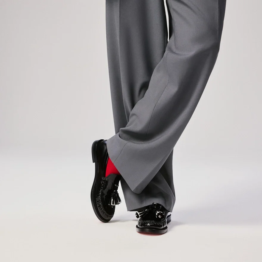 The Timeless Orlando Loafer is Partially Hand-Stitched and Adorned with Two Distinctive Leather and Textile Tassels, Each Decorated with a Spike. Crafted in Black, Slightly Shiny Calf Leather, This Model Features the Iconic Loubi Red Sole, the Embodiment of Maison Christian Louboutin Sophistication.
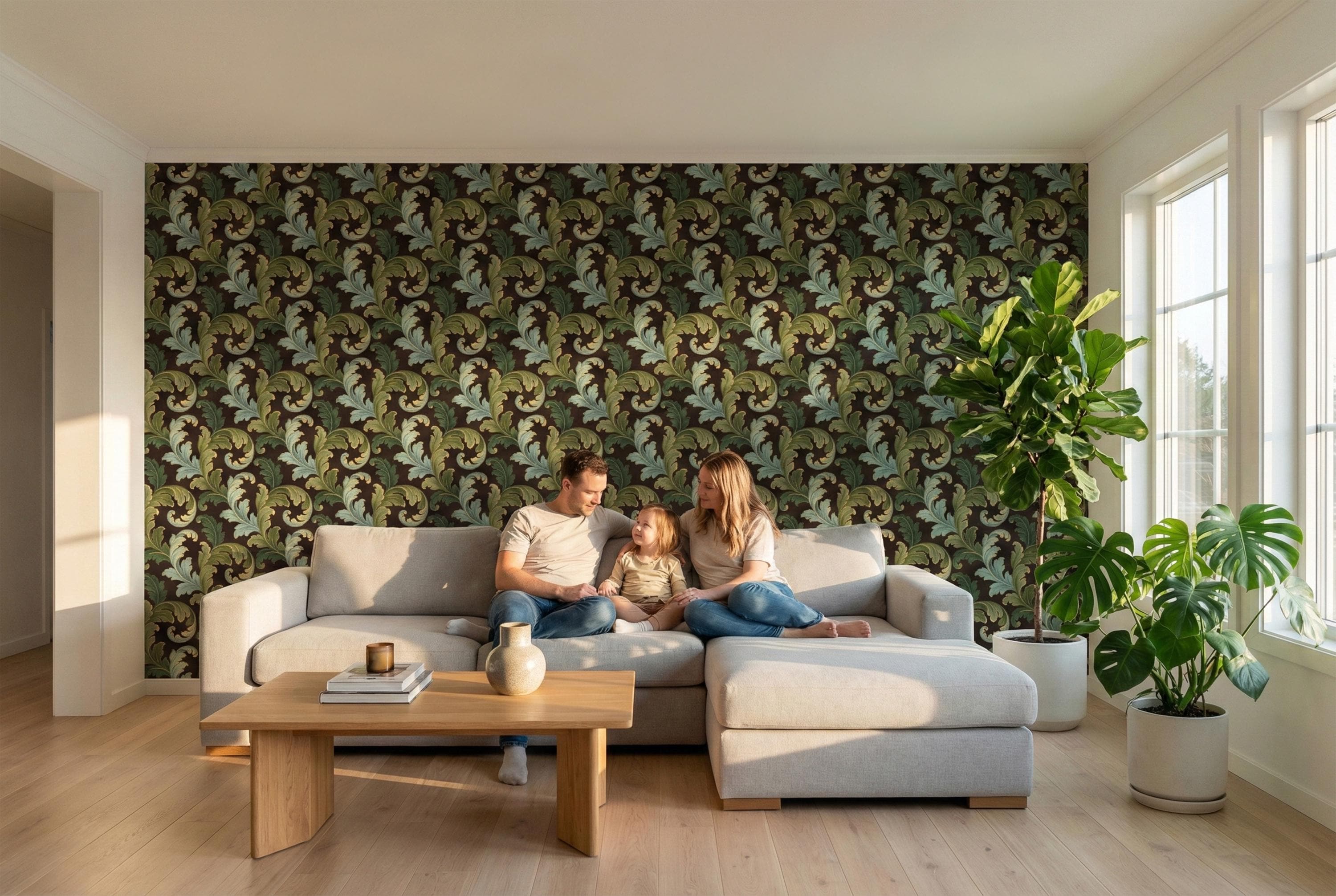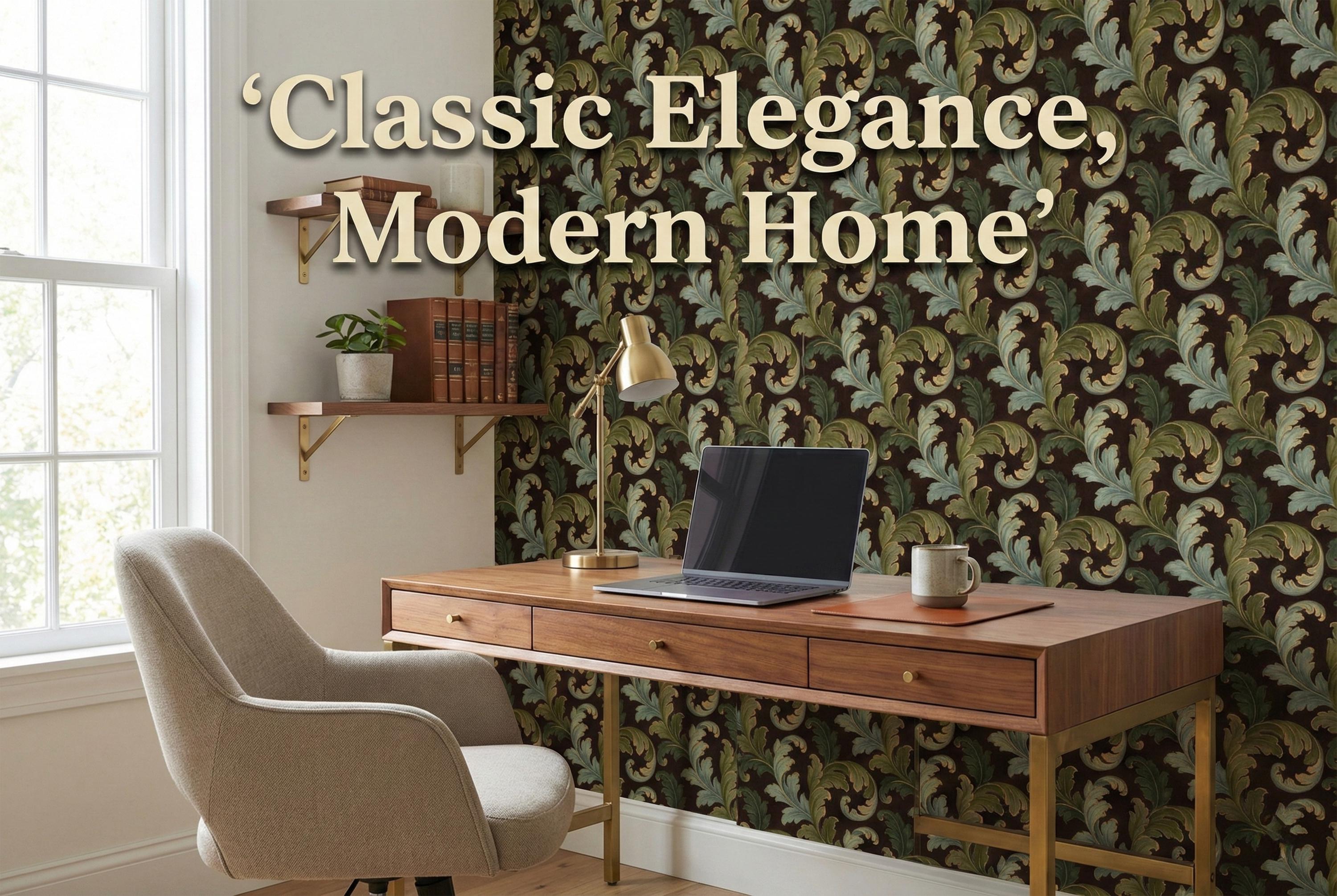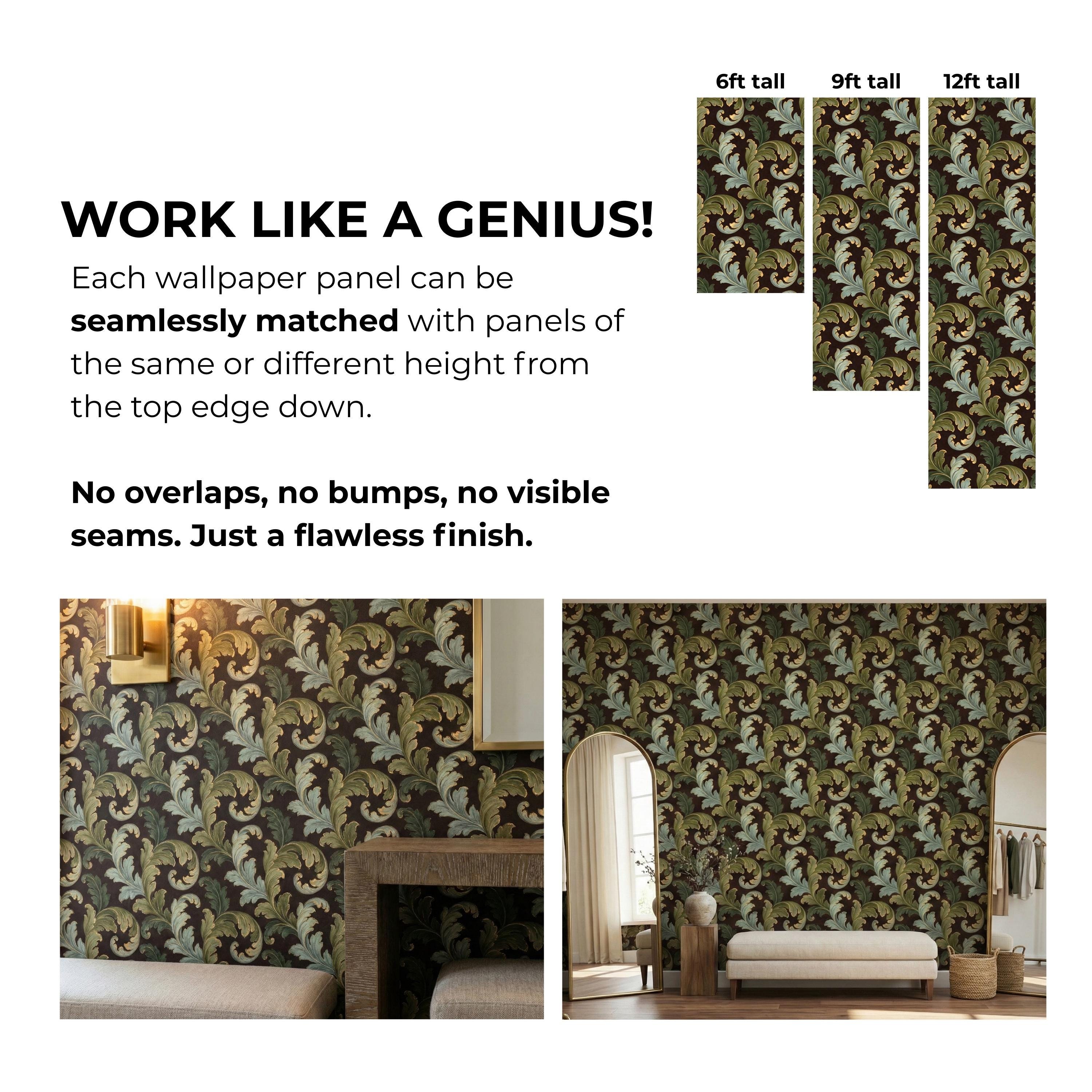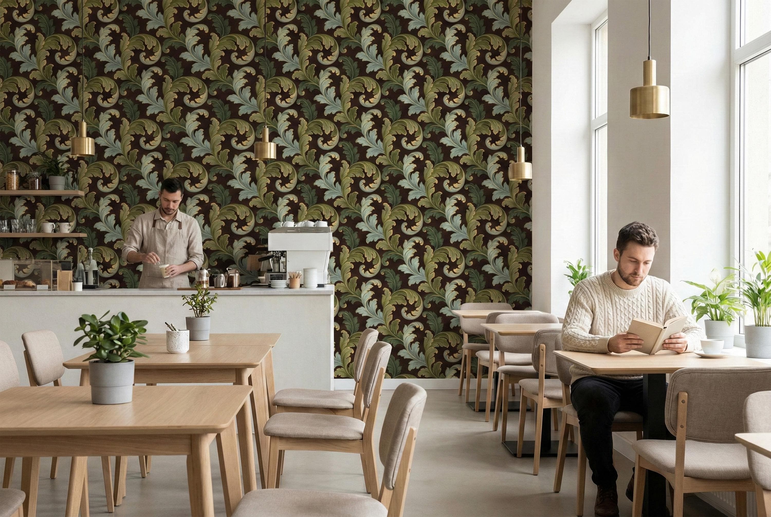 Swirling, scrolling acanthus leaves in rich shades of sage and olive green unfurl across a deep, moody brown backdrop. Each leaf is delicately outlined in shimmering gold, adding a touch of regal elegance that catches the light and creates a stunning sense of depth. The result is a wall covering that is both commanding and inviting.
────
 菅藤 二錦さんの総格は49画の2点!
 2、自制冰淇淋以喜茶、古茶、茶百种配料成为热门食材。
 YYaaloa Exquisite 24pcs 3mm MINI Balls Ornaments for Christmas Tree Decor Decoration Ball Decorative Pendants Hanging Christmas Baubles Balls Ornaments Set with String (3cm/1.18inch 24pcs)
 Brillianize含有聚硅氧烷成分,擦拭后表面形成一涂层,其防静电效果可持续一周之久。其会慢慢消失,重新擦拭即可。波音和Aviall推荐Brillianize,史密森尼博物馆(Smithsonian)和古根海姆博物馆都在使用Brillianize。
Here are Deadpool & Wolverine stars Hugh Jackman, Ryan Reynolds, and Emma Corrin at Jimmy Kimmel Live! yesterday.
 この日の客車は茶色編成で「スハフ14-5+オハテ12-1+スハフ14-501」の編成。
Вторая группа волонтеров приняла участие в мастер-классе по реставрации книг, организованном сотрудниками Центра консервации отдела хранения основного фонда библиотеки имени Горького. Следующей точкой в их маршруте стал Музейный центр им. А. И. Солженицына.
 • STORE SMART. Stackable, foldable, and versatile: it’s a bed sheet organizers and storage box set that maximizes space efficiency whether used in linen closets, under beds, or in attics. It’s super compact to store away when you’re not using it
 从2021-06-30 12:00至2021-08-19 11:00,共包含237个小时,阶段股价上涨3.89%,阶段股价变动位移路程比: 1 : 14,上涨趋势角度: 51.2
────
[TASK REQUIREMENTS] Among the records above, only the lines between the line holding "Вторая группа волонтеров" and the line holding "1 : 14,上涨趋势角度: 51.2", inclusive, are to be output, exactly as written.

[RESPONSE TO THE EXERCISE]
Вторая группа волонтеров приняла участие в мастер-классе по реставрации книг, организованном сотрудниками Центра консервации отдела хранения основного фонда библиотеки имени Горького. Следующей точкой в их маршруте стал Музейный центр им. А. И. Солженицына.
 • STORE SMART. Stackable, foldable, and versatile: it’s a bed sheet organizers and storage box set that maximizes space efficiency whether used in linen closets, under beds, or in attics. It’s super compact to store away when you’re not using it
 从2021-06-30 12:00至2021-08-19 11:00,共包含237个小时,阶段股价上涨3.89%,阶段股价变动位移路程比: 1 : 14,上涨趋势角度: 51.2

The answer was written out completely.